To test our hypothesis, first, the left-handed (E1) and right-handed (E2) enantiomers of the chiral Au38(2-PET)24 cluster were separated by HPLC according to the previously described protocol.57 Afterwards, a ligand exchange procedure similar to that mentioned above has been carried out. The only difference is that the ligand exchange was performed at room temperature to avoid the racemization of the cluster.58 Moreover, the initial concentration of the TH4 ligand was reduced to 20 equivalents in order to slow down the ligand exchange rate and have less exchanged TH4 on the cluster surface. Besides, we aimed to see the effect of a single helicene on the optical and chiral properties of the cluster. To start with, the reaction products were first characterized by UV-vis spectroscopy and MALDI mass spectrometry. UV-vis analyses (Fig. S5) do not show any changes in the optical fingerprints of the cluster (similar to what we have observed when using 50 equivalents of TH4 ligand) whereas MALDI showed the appearance of up to 3 exchanged species in the mass spectra at higher m/z for both enantiomers of the cluster (Fig. S6). The exchanged species Au38(2-PET)24−x(TH4)x (where x is up to 3) were separated from the unreacted parent Au38 cluster with an HPLC system using the same separation protocol and conditions as those reported for the enantioseparation of Au38 (Fig. 3).57


image file: d0nr03824e-f3.tif
Fig. 3 HPLC chromatograms of E1/E2 + TH4 (20 equivalents of TH4 ligand). The eluting peaks were detected at 300 nm. The peak of the exchanged products is highlighted in green, whereas the parent cluster is marked in purple. E1 and E2 are the left- and right-handed enantiomers of the Au38(2-PET)24 cluster, respectively.

After passing the crude mixture through the SEC column to purify from free ligand, a small volume of the reaction mixture (20 μL) was injected into the chiral HPLC column operating at normal isocratic elution mode.

In the chromatograms, the first peaks associated with the enantiopure cluster were labelled as P1 (25–33 min and 54–70 min for E1 and E2 respectively) whereas the exchanged products of both enantiomers were named P2 (35–52 min and 72–85 min for the exchanged species) (Fig. 3).

Note that the P1 peaks of unreacted enantiomers (E1 and E2) have sharp and symmetrical shapes and elute earlier (short retention times) whereas the P2 peaks of exchanged species remain longer inside the column and have more asymmetrical shapes with a larger peak width. This means that several exchange products are contributing to it and since they are not well resolved, they all come out as a single peak at higher retention times.

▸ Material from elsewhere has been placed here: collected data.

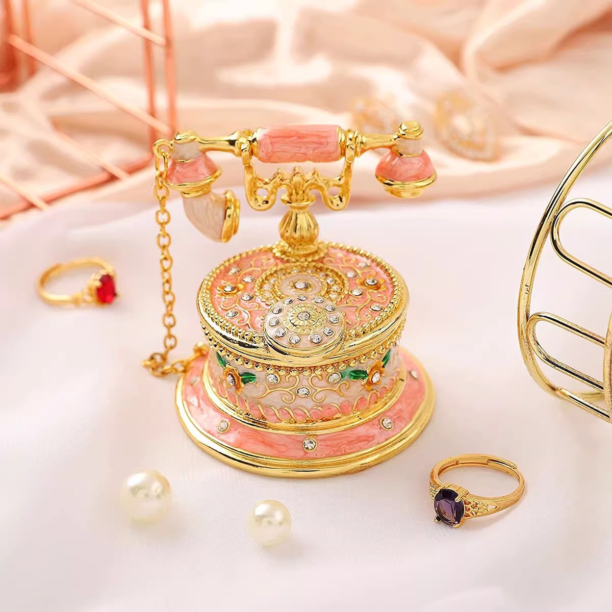 珐琅复古电话机外贸工艺品首饰盒家居梳妆台收纳戒指小摆件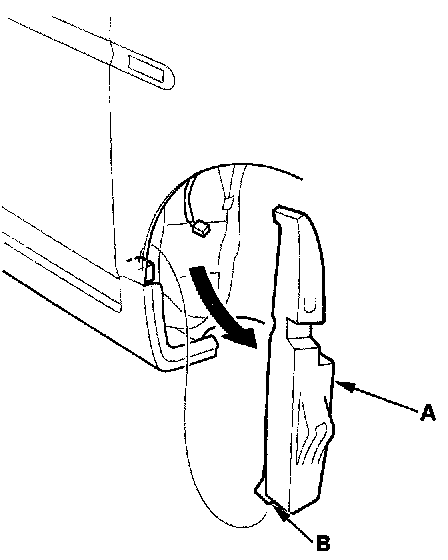 3. Pull out the front fender fairing (A) by pushing up and releasing the hook (B) from the bracket.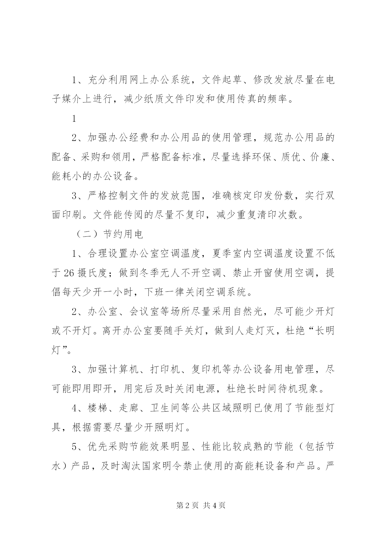第PAGE\*Arabic\*MERGEFORMAT4页共NUMPAGES\*MERGEFORMAT4页公共机构节能工作总结为推进公共机构节能工作的发展,提高能源利用效率和经济效益,我委为建设资源节约型,环境友好型和谐社会而积极参与。2016年以来,紧紧围绕“节能减排,科学发展”这一主题,采取多种形式,在全体干部中开展“培养节能环保意识,推进节能降耗工作”,广泛宣传,营造节能减排工作的良好氛围,现将有关工作总结如下一、提高认识,加强宣传节约资源,保护环境是我国的基本国策。做好公共机构节能减排工作,是贯彻落实科学发展观、构建社会主义和谐社会的重大措施,是建设资源节约型、环境友好型社会的必然选择。我委每季度召开一次节能工作会议,组织全体工作人员认真学习文件,充分认识到做好减排工作的重要性和紧迫性,切实增强责任感和使命感,把节能减排工作作为重要工作任务来抓。二、成立机构,加强领导成立了节能减排工作领导小组,由书记任组长,副书记为副组长,办公室干部蔡嘉倩为节能联络员,张丽娜和各基层团委书记任领导小组成员,负责做好本委资源节约各项工作的指导、协调、督查和考核。三、强化管理,节能降耗(一)节约办公经费1、充分利用网上办公系统,文件起草、修改发放尽量在电子媒介上进行,减少纸质文件印发和使用传真的频率。12、加强办公经费和办公用品的使用管理,规范办公用品的配备、采购和领用,严格配备标准,尽量选择环保、质优、价廉、能耗小的办公设备。3、严格控制文件的发放范围,准确核定印发份数,实行双面印刷。文件能传阅的尽量不复印,减少重复清印次数。(二)节约用电1、合理设置办公室空调温度,夏季室内空调温度设置不低于26摄氏度;做到冬季无人不开空调、禁止开窗使用空调,提倡每天少开一小时,下班一律关闭空调系统。2、办公室、会议室等场所尽量采用自然光,尽可能少开灯或不开灯。离开办公室要随手关灯,做到人走灯灭,杜绝“长明灯”。3、加强计算机、打印机、复印机等办公设备用电管理,尽可能即用即开,用完后及时关闭电源,杜绝长时间待机现象。4、楼梯、走廊、卫生间等公共区域照明已使用了节能型灯具,根据需要尽量少开照明灯。5、优先采购节能效果明显、性能比较成熟的节能(包括节水)产品,及时淘汰国家明令禁止使用的高能耗设备和产品。严格控制新增用电设备。(三)节约用水1、加强用水设备维护管理,自觉检查、处理和通知相关人员及时解决供水故障,杜绝跑、冒、漏、滴和长流水现象。禁止使用高压自来水冲洗车辆、地面。2、控制各个阀门、龙头的出水流量,在满足基本使用要求2的基础上,切实减少耗水量。(四)节约公务用车油耗1、严格执行上级规定,控制车辆编制和配备标准。优先选购国产、小排量、经济环保、手档变速的车辆。2、合理安排出车任务和行驶路线,提倡合乘车辆,减少单车出驶台次,提高使用效率;路程较近时不使用车辆。3、严格执行公务用车节假日封存停驶制度,严禁公车私用。4、坚持规范行驶、按时保养,减少车辆部件非正常损耗,努力降低车辆油耗和维修费用支出。四、贯彻落实,加强监督建立节能工作领导小组,明确专人负责,落实本委节能工作措施,不定期开展检查,对浪费资源、节能措施实施不到位的给予通报批评。今年以来,本委领导把节能工作作为一项重要工作常抓不懈,并按年初节能工作计划一项一项抓好,2016年,我委水、电、汽油和办公耗材费用得到有效控制。在今后的工作中将再接再励,使节能工作再上一个新台阶。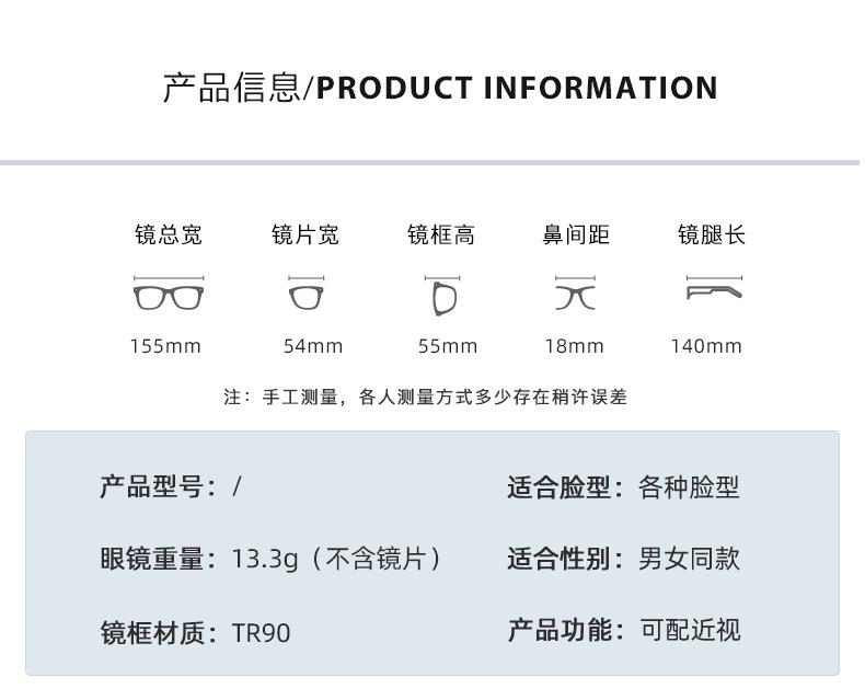Danyang gafas ojo de gato mujer anti luz azul retro montura de gafas lisas marrón frío miopía montura TR90 de alta gama ¥8.00 Compre ya | T7157 nueva versión coreana ins montura grande gafas para miopía hombres y mujeres montura cuadrada montura de gafas lisas sin maquillaje net red gafas delgadas ¥11.00 Compre ya | Nuevo estilo anteojos lisos estilo caliente moda callejera disparo transfronterizo ojo de gato Europeo y Americano montura óptica color degradado anti-luz azul TQ5740 ¥13.00 Compre ya | T7182 Versión coreana de montura redonda delgada ligera para miopía para mujer, maquillaje rojo Xiaohongshu literario, gafas planas de tendencia para hombre ¥12.00 Compre ya | ||

A small broad peak after P2 of the second enantiomer of the cluster has also been observed; unfortunately, further analysis of this peak was not successful. Moreover, new peaks matching well with the HPLC retention profiles of pure enantiomers of the cluster also elute in the chromatogram. Note that the peak of the opposite enantiomer was not present before the reaction (Fig. S7). Since only enantiopure Au38 was used for each ligand exchange reaction, the appearance of the other enantiomer in the chromatogram indicates the partial racemization of the cluster. It was previously shown58 that the racemization of the enantiopure Au38(2-PET)24 cluster takes place at relatively high temperatures, i.e. 50 °C and above. Our result indicates that the adsorbed TH4 ligand accelerates the racemization of the cluster thus leading to appreciable racemization even at room temperature. However, we cannot draw a definitive conclusion about that since no systematic studies on the racemization of the cluster after the ligand exchange reaction have been performed. Recently, Malola et al. proposed a mechanism for the racemization of Au38 based on calculations which involves the reconstruction of the metallic core without breaking a Au–S bond.59 In this case, it is possible that the adsorption of the TH4 ligand onto the cluster surface accelerates the rotation of the three Au atoms at the pole of the cluster resulting in the rearrangement of long staple motifs into the opposite enantiomer. Furthermore, we cannot exclude the possibility that the TH4 ligand present in the racemic mixture plays a role in racemization of the cluster. However, to draw definitive conclusions, one would need to study the effect of enantiopure TH4 on the racemization of the cluster, which, unfortunately, is not possible with the TH4 ligand (as mentioned in the introduction). Possibly, the influence of the ligand on the electronic structure of the cluster plays a role in this process.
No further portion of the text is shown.